# Does this mean female?!?!



## jonnylorenzo (Aug 5, 2014)

On my other plant that is an Indica this little object showed up I guess I just saw it today at least haha 

View attachment 253c42d4-44c2-45bc-8802-ee28fe4db01a_TapatalkEditedImage.jpg


----------



## Kindbud (Aug 5, 2014)

looks more male like to me


----------



## jingo (Aug 5, 2014)

I don't know looks more like stipule to me, but I never have blown up a node.
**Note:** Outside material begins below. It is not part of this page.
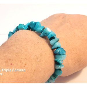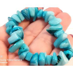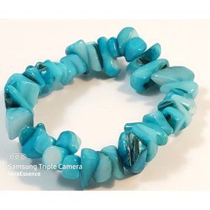 Shell Chips Bracelet 7.5" Elastic Reiki Stretch Beaded Mother of pearl Turquoise
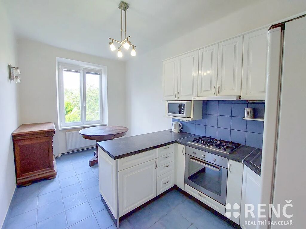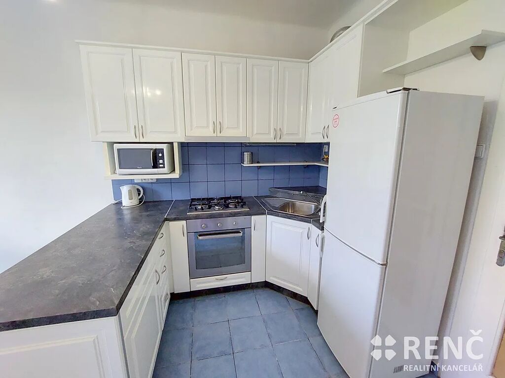 Součástí bytu je kuchyňská linka včetně digestoře, kombinovaného sporáku, lednice, varné konvice a mikrovlnné trouby.

To that degree so dunno


----------



## Locked (Aug 5, 2014)

I can't say either way right now.  If that thing was white I would say female.


----------



## The Hemp Goddess (Aug 5, 2014)

IMO, no--female preflowers show as 2 small white hairs.  That looks more like new growth to me.


----------



## jonnylorenzo (Aug 5, 2014)

Ok thanks guys


----------



## Hushpuppy (Aug 5, 2014)

You should see a little rounded, teardrop shaped bulb form first, then it will get a little bigger and either it will begin to grow a little stem under it so that it looks like a green sucker on a stick(male) or it will stay tight against the cusp of the node and 2 tiny white hairs will begin to grow out of the little bulb (female).


----------